L’armée et les milieux économiques présentent toujours les affaires compensatoires, aussi nommées offsets, comme une panacée pour l’industrie de l’armement. En réalité, il s’agit d’un mécanisme de subvention bien caché et de la privatisation de moyens publics.
L’industrie de l’armement ne manque pas une occasion de parler du miracle économique que sont les affaires compensatoires, surtout lorsque l’on parle d’achat d’avions de chasse. Elle utilise un calcul simple : Achetez des avions de chasse pour 6 milliards et l’industrie suisse de l’armement recevra 6 milliards. Les avions sont donc gratuits ! Plus sérieusement, il s’agit là tout simplement de subventions industrielles, qui font augmenter le prix d’achat de 10 à 20%, qui plus est. Ces magouilles ne sont utilisées que dans le domaine de l’industrie car, selon l’OMC, elles sont illégales dans tous les autres domaines, n’étant pas compatibles avec le libre-échange. Pendant des années, les compensations étaient de l’ordre de 100%. En Autriche elles étaient même de 200% dans le cas des Eurofighter – les pots de vins ne pouvaient pas venir de nulle part. Le parlement a décidé de réduire ces affaires compensatoires à 60% pour le F-35. Une mauvaise affaire, pourrait-on penser – si les contrats compensatoires sont accomplis, ce que promet l’industrie.
Sociétés fictives
L’adresse ressemble à celle d’une société écran : ASIPRO c/o F. Fischer AG, 6234 Triengen. Or, il s’agit là bien de l’adresse officielle de l’une des sociétés chargées d’organiser et de mener à bien ces affaires compensatoires par armasuisse, l’Office fédéral de l’armement. L’accord a été passé en avril 2021. Les président.es de cette association sont membres de Swissmem et de son équivalent romand GRPM. ASIPRO est responsable du bureau des affaires compensatoires à Berne, qui doit les réaliser.

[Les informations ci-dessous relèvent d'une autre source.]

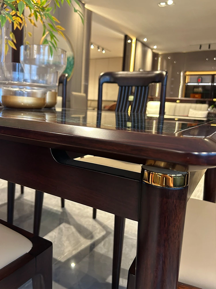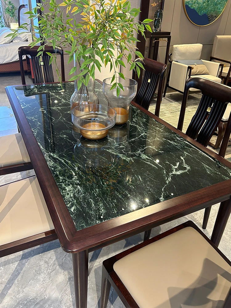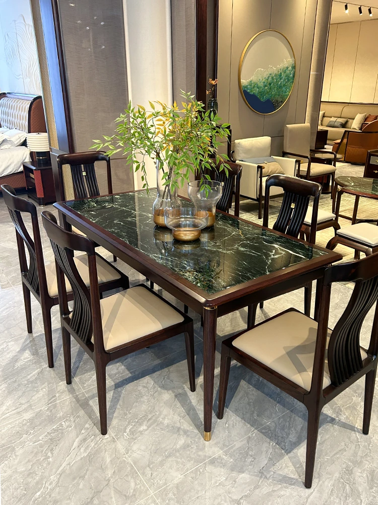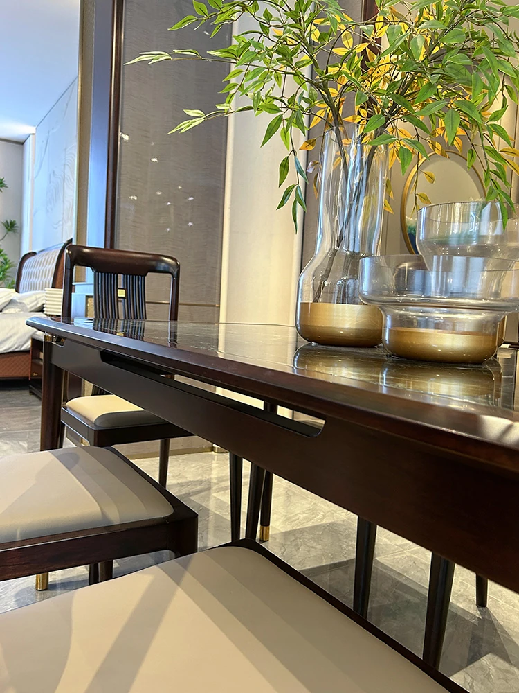 Elegant New Chinese Style Long Dining Table with Solid Wood and Rock Plate - Modern Luxury Home Furniture Set with Chairs, Perfect for Sophisticated Dining Experiences

L’industrie présente ASIPRO comme un excellent exemple d’un bon PPP – un partenariat public-privé. Autrement dit, l’Etat délègue des tâches à des privés qui, eux, peuvent garder les bénéfices. Car pour chaque affaire compensatoire, cette association reçoit 1 ‰du montant de l’offset. Elle a donc intérêt à ce qu’autant d’affaires compensatoires que possible soient autorisées. Selon le contrat passé entre ASIPRO et armasuisse, c’est tout de même cette dernière qui doit mettre à disposition le matériel de bureau et l’infrastructure informatique. Reste une grande question : pourquoi armasuisse charge-t-elle une entreprise privée de contrôler et de mener à bien ces affaires compensatoire – qui plus est si cette entreprise appartient à l’industrie qui en profite financièrement ?
Un peu plus de transparence
Un nouveau registre public des affaires compensatoire recense depuis le 1er avril 2018 les noms des entreprises qui profitent de ces dernières. Bien entendu, les montants exacts et les bénéfices que retirent ces entreprises n’y figurent pas. On y voit uniquement la répartition sur le territoire en pourcentage. Si l’on regarde la liste des entreprises de plus près, on voit que des filiales des fournisseurs étrangers sont listées dans la colonne des bénéficiaires suisses. L’exemple de l’entreprise française Thales est particulièrement frappant. Pour l’achat du système de surveillance de l’espace aérien Florako, ce sont les filiales zurichoises Thales Rail Signalling Solutions AG et Thales Swiss SA qui ont profité des affaires compensatoires. Dans le cas des tourelles Protector de l’entreprise norvégienne Kongsberg, l’une de seulement quatre entreprises bénéficiaires en Suisse alémanique est Kongsberg Defence Switzerland AG à Thoune. Il est donc profitable pour les fournisseurs étrangers d’avoir une petite filiale en Suisse. Cela permet de conclure quelques affaires de plus et, qui sait, peut-être même de payer moins d’impôts. L’industrie de l’armement est la grande gagnante des affaires compensatoires et dans ce domaine, il n’y a pas de petites économies.